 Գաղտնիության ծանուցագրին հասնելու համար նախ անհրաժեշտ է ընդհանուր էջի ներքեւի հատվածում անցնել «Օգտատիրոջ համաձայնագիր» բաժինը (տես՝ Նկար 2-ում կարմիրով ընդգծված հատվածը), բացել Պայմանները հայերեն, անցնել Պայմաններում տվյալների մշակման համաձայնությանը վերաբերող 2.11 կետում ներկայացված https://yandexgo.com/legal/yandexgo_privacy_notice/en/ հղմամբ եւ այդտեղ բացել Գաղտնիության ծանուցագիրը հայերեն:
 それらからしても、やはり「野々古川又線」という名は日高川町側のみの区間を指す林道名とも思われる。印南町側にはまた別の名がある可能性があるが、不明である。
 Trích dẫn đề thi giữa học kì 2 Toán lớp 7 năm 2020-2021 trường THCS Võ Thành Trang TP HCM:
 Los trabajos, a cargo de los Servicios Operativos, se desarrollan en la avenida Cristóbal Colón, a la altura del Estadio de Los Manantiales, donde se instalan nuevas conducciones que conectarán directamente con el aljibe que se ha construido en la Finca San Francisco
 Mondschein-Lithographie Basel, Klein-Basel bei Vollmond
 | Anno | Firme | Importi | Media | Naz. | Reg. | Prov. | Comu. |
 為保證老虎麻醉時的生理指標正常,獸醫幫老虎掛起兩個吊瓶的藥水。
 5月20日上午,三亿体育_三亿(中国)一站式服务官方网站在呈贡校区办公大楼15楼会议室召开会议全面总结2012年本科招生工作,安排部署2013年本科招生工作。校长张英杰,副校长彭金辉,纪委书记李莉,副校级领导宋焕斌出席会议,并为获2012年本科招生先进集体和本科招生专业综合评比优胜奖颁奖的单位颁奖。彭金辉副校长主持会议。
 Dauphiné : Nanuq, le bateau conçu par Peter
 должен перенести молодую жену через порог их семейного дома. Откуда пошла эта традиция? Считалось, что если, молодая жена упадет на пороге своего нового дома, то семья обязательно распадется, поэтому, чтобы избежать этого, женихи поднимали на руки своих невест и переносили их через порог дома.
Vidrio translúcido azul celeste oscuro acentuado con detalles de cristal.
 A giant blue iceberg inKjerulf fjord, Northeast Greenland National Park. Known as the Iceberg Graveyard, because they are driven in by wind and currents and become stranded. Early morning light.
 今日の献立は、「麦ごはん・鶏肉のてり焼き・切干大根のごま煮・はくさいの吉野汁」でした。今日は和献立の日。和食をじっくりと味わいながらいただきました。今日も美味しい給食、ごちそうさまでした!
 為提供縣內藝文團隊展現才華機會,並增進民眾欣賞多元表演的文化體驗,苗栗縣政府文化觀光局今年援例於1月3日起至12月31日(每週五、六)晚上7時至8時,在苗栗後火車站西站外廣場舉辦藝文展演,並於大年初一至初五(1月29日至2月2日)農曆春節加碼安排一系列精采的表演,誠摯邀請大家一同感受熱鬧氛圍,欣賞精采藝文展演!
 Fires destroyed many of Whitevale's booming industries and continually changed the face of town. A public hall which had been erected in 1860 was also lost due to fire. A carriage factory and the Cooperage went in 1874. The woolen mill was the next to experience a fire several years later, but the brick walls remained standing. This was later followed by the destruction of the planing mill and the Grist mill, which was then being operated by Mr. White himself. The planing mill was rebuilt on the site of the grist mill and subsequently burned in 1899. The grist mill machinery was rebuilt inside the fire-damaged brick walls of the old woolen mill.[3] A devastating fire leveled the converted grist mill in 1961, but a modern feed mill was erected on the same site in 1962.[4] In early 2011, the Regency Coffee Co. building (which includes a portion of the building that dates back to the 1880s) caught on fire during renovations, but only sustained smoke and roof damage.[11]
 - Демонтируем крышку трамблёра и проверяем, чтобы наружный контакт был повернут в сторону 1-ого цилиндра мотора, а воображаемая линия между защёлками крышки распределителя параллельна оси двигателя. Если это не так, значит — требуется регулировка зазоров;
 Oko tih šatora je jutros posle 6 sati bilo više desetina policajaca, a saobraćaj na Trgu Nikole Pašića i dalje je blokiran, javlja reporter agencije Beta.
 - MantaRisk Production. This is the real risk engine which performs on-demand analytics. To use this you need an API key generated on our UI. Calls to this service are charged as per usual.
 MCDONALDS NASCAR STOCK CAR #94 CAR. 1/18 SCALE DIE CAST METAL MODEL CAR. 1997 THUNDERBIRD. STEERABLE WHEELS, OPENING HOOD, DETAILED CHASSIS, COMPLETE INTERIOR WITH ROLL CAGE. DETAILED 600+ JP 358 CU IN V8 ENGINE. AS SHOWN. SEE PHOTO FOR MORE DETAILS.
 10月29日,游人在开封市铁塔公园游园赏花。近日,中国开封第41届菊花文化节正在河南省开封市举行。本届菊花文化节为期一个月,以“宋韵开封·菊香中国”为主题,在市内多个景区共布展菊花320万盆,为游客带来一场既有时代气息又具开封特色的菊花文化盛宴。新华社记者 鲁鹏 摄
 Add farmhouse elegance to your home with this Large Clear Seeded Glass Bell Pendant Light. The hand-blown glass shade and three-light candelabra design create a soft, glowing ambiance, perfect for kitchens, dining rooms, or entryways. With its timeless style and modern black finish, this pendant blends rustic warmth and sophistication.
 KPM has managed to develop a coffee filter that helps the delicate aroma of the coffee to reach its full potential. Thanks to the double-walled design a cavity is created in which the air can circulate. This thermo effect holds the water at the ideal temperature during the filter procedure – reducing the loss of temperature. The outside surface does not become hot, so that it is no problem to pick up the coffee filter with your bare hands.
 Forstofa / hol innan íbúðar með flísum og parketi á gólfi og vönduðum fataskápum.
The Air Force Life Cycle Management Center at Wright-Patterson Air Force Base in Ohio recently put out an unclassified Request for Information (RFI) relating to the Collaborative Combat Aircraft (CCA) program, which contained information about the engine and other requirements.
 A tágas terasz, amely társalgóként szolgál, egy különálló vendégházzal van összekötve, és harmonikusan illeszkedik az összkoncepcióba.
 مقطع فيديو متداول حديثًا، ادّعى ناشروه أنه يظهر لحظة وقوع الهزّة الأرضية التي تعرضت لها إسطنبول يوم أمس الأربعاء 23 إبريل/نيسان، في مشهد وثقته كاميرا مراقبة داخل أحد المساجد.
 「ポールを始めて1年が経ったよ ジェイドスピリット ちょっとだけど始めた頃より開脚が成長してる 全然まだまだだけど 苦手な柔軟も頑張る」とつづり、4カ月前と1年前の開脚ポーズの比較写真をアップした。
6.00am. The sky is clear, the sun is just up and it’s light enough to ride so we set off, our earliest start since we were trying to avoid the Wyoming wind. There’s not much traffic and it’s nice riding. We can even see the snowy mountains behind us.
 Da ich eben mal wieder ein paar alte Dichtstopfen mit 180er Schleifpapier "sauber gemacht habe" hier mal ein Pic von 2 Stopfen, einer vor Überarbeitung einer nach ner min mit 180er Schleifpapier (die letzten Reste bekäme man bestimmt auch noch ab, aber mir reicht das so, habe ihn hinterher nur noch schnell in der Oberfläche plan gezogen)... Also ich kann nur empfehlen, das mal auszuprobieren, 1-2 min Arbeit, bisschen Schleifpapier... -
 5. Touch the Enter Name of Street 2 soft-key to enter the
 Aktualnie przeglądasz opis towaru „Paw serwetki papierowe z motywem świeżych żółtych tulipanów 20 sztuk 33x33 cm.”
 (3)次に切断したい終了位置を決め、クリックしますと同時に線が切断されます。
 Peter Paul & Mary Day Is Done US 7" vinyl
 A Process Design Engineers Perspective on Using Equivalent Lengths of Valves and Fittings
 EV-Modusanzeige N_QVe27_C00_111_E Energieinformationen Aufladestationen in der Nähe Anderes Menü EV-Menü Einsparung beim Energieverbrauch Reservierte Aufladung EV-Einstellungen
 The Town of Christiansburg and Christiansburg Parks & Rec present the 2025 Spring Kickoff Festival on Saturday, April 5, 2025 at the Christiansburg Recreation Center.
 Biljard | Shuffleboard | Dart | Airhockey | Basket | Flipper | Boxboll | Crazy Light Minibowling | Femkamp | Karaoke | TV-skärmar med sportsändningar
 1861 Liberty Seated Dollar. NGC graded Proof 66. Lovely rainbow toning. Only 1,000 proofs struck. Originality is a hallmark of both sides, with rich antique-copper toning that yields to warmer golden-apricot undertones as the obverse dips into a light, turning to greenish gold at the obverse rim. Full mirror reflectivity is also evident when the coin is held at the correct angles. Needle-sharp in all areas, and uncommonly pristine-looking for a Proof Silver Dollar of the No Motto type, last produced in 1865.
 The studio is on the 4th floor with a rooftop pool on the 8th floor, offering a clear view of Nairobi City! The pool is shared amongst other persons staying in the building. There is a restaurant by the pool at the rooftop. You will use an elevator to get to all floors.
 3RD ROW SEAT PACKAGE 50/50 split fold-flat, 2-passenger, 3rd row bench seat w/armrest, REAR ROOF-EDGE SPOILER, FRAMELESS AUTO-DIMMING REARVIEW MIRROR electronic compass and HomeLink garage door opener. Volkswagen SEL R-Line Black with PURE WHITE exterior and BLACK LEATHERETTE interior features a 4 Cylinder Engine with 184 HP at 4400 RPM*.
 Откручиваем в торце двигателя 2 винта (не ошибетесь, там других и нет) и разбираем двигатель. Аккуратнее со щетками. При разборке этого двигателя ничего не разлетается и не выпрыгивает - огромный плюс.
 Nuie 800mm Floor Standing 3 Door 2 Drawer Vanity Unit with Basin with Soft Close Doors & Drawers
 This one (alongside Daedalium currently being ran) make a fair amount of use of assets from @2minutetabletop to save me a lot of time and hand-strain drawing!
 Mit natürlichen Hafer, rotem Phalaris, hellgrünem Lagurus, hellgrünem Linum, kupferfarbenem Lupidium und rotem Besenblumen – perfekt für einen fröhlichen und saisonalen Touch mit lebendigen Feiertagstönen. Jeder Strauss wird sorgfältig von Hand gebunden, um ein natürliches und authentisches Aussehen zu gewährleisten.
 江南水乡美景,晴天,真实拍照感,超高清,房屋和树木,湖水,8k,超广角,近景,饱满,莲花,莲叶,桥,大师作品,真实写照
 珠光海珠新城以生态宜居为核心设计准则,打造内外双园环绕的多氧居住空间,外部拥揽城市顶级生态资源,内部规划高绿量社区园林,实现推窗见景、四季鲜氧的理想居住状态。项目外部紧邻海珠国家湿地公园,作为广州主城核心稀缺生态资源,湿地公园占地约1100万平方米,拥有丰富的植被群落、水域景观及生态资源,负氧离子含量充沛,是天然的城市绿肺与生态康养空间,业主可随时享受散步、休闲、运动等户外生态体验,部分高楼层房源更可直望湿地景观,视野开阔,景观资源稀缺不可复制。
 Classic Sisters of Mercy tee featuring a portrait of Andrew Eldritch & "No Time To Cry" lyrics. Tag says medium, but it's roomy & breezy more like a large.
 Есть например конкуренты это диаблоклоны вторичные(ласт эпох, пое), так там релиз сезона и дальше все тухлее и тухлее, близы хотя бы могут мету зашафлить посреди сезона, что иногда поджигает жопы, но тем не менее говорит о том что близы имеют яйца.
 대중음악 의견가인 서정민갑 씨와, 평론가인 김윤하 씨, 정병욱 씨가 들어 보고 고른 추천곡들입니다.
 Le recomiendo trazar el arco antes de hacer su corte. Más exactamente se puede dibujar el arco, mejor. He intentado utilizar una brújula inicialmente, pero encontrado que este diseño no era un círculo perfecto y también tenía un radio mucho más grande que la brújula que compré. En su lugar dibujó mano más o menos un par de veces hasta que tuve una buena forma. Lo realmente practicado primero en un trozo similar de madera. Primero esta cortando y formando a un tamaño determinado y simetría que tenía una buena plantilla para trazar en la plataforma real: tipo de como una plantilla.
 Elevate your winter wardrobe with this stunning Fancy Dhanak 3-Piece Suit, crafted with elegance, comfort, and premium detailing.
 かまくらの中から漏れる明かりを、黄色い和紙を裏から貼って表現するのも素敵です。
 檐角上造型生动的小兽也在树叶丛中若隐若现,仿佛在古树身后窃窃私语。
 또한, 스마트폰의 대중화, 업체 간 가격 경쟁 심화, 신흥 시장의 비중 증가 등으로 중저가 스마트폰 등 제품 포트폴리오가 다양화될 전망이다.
* * *
EXERCISE DETAILS - Whichever lines of the records above hold the word "other" should all be copied out.

REPLY -
The Air Force Life Cycle Management Center at Wright-Patterson Air Force Base in Ohio recently put out an unclassified Request for Information (RFI) relating to the Collaborative Combat Aircraft (CCA) program, which contained information about the engine and other requirements.
 The studio is on the 4th floor with a rooftop pool on the 8th floor, offering a clear view of Nairobi City! The pool is shared amongst other persons staying in the building. There is a restaurant by the pool at the rooftop. You will use an elevator to get to all floors.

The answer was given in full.